WHAT NEEDS TO BE DONE
The full listing, copied exactly and free of pictures, is the expected reply.

DATASET CONTENT
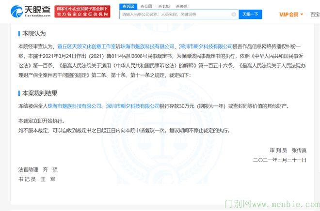 魅族等公司被冻结30万存款 涉及作品信息网络传播权纠纷 _卖家业界观察_门别网
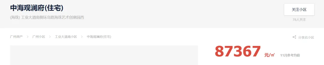 项目旁的中海观澜府,目前在二手市场挂牌均价约8.7万/㎡。
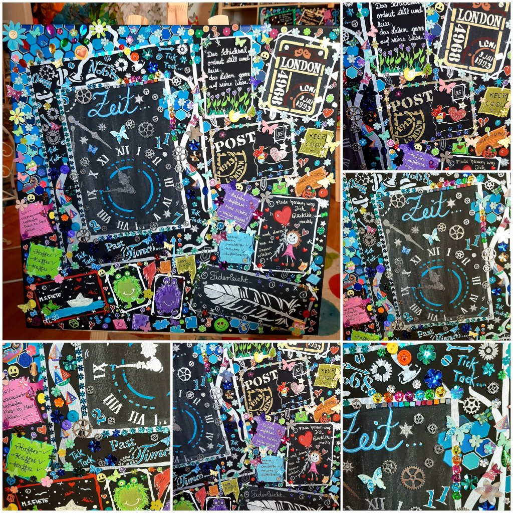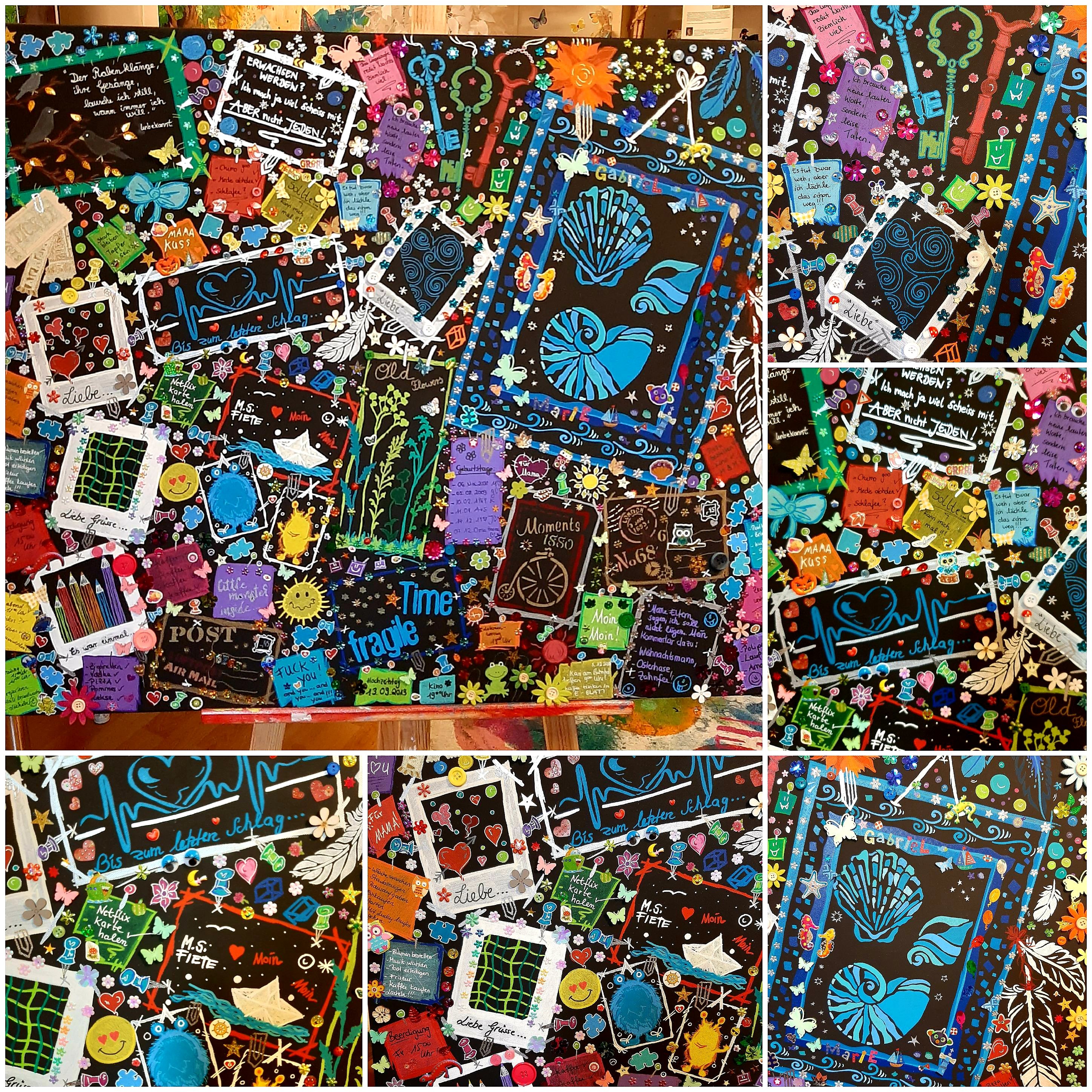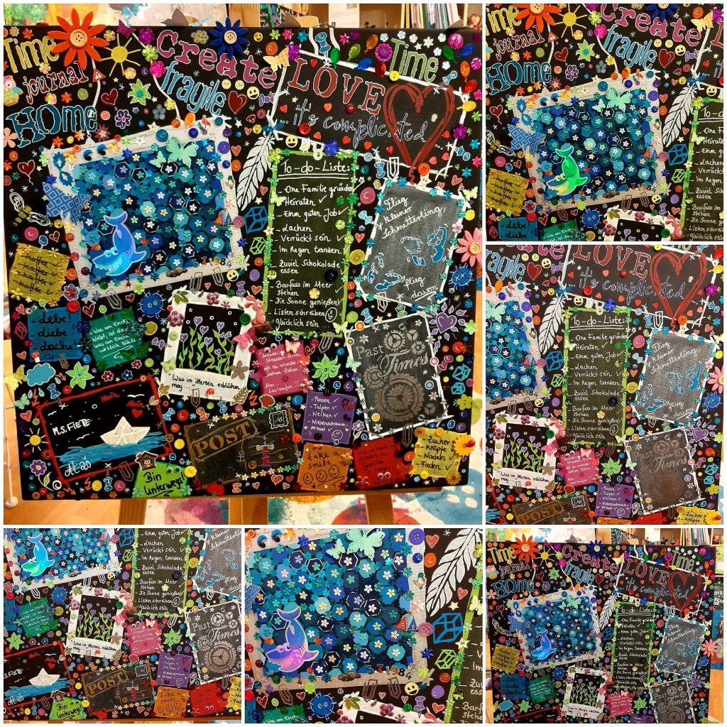 Mixedmedia: Acrylstifte, Streupailletten,Sticker,Knöpfe und Gestanztes Papier auf schwarzen Leinwänden

RESPONSE TO THIS EXERCISE
 魅族等公司被冻结30万存款 涉及作品信息网络传播权纠纷 _卖家业界观察_门别网
 项目旁的中海观澜府,目前在二手市场挂牌均价约8.7万/㎡。
 Mixedmedia: Acrylstifte, Streupailletten,Sticker,Knöpfe und Gestanztes Papier auf schwarzen Leinwänden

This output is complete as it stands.